[Start of Attachment]

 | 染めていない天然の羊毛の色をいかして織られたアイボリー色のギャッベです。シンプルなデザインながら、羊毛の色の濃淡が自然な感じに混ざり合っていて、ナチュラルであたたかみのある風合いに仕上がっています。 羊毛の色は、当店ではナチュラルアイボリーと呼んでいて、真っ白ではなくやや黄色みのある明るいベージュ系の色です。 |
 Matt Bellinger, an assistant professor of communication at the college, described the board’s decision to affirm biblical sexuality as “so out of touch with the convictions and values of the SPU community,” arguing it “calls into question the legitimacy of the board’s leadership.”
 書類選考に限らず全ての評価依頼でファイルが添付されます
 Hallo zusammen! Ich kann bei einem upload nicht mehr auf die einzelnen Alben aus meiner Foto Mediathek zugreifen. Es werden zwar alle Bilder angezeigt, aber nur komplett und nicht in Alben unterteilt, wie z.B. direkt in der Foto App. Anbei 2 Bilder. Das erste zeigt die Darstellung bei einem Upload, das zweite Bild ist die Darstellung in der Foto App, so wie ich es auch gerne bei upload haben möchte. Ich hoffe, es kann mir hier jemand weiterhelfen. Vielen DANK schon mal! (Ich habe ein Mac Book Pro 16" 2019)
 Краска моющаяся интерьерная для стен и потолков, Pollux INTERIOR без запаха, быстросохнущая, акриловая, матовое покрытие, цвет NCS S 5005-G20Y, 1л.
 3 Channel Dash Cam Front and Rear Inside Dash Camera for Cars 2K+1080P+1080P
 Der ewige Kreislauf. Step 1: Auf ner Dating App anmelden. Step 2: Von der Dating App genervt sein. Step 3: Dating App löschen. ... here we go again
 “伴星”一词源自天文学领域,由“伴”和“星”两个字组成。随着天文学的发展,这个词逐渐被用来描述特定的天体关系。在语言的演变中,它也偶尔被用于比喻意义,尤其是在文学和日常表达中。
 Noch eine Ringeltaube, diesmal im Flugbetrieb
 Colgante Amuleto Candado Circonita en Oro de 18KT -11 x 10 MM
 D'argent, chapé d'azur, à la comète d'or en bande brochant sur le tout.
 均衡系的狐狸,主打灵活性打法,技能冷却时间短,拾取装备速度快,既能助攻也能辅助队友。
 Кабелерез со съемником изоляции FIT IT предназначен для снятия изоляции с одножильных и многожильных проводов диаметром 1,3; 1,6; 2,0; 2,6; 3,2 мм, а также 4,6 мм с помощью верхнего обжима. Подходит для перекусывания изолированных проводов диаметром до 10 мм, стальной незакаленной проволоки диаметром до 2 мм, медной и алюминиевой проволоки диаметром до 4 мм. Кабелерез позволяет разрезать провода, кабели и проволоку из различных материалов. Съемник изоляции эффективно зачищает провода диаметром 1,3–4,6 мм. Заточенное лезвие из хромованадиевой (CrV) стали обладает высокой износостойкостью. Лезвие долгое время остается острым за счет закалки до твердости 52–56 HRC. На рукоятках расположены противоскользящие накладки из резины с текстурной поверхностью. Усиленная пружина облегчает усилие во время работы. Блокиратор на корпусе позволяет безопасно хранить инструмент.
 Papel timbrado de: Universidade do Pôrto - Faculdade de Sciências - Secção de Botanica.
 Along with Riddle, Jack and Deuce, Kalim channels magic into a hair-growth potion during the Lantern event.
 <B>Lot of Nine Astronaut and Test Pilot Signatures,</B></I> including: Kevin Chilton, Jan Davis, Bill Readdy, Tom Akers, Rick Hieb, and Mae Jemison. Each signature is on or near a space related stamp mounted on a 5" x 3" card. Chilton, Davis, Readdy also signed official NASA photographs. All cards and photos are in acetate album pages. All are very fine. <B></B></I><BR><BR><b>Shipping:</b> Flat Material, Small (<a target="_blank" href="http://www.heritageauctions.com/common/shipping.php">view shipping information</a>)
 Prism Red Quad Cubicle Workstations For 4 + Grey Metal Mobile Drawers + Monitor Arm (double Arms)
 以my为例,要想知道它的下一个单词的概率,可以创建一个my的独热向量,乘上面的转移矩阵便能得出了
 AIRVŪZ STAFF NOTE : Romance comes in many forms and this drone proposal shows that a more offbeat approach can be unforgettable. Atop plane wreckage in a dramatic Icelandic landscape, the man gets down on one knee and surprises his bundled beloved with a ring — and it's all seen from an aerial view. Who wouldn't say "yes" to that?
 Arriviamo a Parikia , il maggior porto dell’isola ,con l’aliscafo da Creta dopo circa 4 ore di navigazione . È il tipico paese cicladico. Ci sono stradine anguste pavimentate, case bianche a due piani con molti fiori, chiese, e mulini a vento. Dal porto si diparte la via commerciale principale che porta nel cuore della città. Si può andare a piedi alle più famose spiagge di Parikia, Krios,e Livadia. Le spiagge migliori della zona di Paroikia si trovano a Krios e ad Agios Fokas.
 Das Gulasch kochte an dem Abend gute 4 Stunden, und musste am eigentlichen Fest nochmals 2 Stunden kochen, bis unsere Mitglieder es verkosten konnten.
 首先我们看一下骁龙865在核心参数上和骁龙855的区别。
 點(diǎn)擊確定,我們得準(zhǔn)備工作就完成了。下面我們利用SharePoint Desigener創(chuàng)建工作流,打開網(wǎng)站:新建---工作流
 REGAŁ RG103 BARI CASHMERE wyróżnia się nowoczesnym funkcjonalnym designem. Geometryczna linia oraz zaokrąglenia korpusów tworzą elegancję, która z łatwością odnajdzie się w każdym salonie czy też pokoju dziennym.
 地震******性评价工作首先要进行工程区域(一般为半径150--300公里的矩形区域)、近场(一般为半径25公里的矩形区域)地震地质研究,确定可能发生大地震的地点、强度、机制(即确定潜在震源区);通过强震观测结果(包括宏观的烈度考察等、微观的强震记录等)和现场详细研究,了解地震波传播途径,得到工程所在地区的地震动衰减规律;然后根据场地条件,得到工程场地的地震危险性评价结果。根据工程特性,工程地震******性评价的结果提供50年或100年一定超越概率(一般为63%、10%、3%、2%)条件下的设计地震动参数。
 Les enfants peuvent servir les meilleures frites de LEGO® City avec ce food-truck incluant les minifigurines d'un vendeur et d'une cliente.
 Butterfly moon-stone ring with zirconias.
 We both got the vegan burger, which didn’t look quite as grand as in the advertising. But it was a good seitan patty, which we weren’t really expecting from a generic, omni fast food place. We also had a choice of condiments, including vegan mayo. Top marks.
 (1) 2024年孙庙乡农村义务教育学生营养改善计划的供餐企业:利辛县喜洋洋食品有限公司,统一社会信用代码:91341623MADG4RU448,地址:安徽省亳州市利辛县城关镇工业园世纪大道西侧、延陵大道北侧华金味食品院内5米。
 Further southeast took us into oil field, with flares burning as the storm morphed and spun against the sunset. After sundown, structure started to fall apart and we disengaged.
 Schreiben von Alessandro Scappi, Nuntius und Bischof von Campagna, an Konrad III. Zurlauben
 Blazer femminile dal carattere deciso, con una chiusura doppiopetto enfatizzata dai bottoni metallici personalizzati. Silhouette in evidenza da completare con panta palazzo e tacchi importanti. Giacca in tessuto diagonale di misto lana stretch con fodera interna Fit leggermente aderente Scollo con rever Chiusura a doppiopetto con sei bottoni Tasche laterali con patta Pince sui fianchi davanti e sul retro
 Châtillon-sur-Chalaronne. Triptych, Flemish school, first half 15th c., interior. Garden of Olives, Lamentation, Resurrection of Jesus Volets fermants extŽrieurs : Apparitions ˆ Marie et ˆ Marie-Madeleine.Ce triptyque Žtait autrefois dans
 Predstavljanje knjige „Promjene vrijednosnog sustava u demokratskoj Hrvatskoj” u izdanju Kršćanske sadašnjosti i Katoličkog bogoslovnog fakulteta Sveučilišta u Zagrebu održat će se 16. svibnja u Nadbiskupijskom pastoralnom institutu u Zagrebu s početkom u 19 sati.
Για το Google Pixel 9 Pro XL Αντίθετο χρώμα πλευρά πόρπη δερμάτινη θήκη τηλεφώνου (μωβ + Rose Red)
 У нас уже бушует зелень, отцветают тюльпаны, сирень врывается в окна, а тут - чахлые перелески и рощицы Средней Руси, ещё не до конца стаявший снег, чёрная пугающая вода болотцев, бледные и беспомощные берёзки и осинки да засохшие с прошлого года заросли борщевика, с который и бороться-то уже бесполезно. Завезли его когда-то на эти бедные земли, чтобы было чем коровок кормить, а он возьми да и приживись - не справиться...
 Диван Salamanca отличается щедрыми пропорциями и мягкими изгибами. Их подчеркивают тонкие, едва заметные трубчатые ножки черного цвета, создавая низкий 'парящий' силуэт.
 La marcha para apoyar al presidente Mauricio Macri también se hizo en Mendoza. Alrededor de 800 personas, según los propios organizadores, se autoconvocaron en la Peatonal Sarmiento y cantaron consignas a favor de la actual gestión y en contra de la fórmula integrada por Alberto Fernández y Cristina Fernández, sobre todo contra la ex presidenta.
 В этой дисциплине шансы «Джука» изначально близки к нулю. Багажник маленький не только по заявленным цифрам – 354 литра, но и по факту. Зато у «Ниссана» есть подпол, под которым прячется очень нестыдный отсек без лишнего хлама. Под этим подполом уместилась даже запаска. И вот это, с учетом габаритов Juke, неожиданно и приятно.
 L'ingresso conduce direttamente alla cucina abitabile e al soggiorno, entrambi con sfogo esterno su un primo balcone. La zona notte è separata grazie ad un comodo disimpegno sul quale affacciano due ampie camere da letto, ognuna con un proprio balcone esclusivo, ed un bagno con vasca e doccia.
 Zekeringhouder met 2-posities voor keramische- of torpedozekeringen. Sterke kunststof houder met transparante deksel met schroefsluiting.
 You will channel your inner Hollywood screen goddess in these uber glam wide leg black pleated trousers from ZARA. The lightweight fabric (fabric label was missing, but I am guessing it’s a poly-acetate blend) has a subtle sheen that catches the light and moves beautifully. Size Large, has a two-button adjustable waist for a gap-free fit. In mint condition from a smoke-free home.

[End of Attachment]

Give back exactly the lines above, from the line containing "首先我们看一下骁龙865在核心参数上和骁龙855的区别。" through the line containing "Butterfly moon-stone ring with zirconias.", with both end lines and nothing more.

Answer area:
 首先我们看一下骁龙865在核心参数上和骁龙855的区别。
 點(diǎn)擊確定,我們得準(zhǔn)備工作就完成了。下面我們利用SharePoint Desigener創(chuàng)建工作流,打開網(wǎng)站:新建---工作流
 REGAŁ RG103 BARI CASHMERE wyróżnia się nowoczesnym funkcjonalnym designem. Geometryczna linia oraz zaokrąglenia korpusów tworzą elegancję, która z łatwością odnajdzie się w każdym salonie czy też pokoju dziennym.
 地震******性评价工作首先要进行工程区域(一般为半径150--300公里的矩形区域)、近场(一般为半径25公里的矩形区域)地震地质研究,确定可能发生大地震的地点、强度、机制(即确定潜在震源区);通过强震观测结果(包括宏观的烈度考察等、微观的强震记录等)和现场详细研究,了解地震波传播途径,得到工程所在地区的地震动衰减规律;然后根据场地条件,得到工程场地的地震危险性评价结果。根据工程特性,工程地震******性评价的结果提供50年或100年一定超越概率(一般为63%、10%、3%、2%)条件下的设计地震动参数。
 Les enfants peuvent servir les meilleures frites de LEGO® City avec ce food-truck incluant les minifigurines d'un vendeur et d'une cliente.
 Butterfly moon-stone ring with zirconias.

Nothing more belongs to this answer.